When in the container 17, the sand is fluidised and further heated to a temperature
lying in the range 430-600°C and preferably 440-500°C and optimally 450-470°C which
is sufficiently high to burn off the resin and to thereby clean the sand. The overflow
from the bed leaves via the discharge chute 26 and enters the silo 30 where it is
mixed with the cold first mass of used sand being fed by the conveyor 31. The mixing
cools the hot second mass and heats the cold first mass, which is typically at a temperature
lying in the range 0°C to 50°C, so that they attain a temperature lying in the range
250-400
0C and preferably 300-350°C. The rate of withdrawal of the mixture from the silo 30
is such that the sand has a dwell time within the silo of four to thirty and preferably
four to twenty four hours which is adequate to ensure the desired amount of treatment
of the cold second mass.
[0067] As the mixture is withdrawn from the bottom of the silo 30, it is cooled by, usually,
the first heat exchanger 25, the air heated thereby serving to fluidise the sand in
the second treatment station 16.
[0068] The temperatures described above are the theoretical temperatures desired. In practice
both temporal and spatial temperature variations occur. For example in the fluidising
bed temperatures are known to fluctuate temporally generally within the range
± 5°C but under certain circumstances a wider variation can occur.

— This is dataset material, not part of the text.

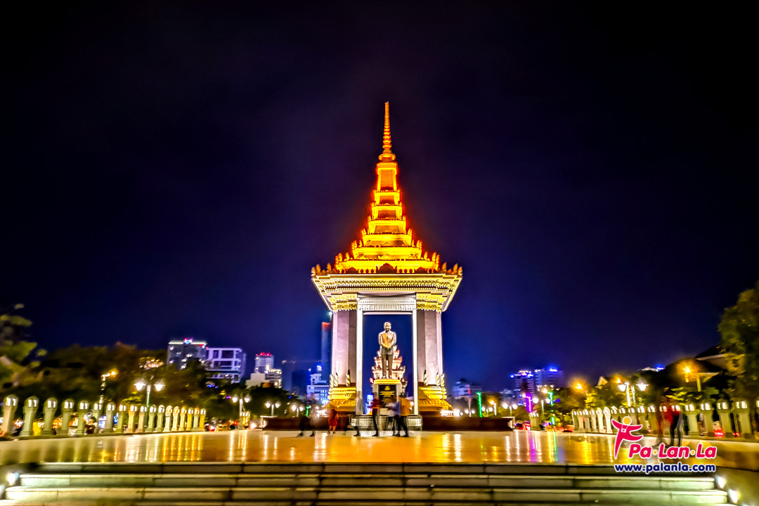 อนุสาวรีย์สมเด็จพระนโรดมสีหนุที่เปิดไฟสว่างไสวในยามค่ำคืน

[0069] Spatial temperature variation can also occur and for example it is generally found
that the sand is 5°C cooler near the fluidising sparge tubes and of course the non-fluidised
sand beneath the sparge tubes will be progressively cooler still towards the base
of the body of the vessel.
[0070] The temperature in the silo 30 will be somewhat lower than that indicated by the
thermal balance equation above. It will also fall with time so that after, for example,
a week-end, the temperature may fall by as much as 100°C. During continuous operation
however, the temperature at the top of the silo can be expected to be within approximately
10 - 20°C of the predicted value whilst near the base might be 20 - 50°C lower. Of
course, the rate of fall in temperature will accelerate through the heat exchanger
region to give a final exit temperature in the region of 35 - 40°C.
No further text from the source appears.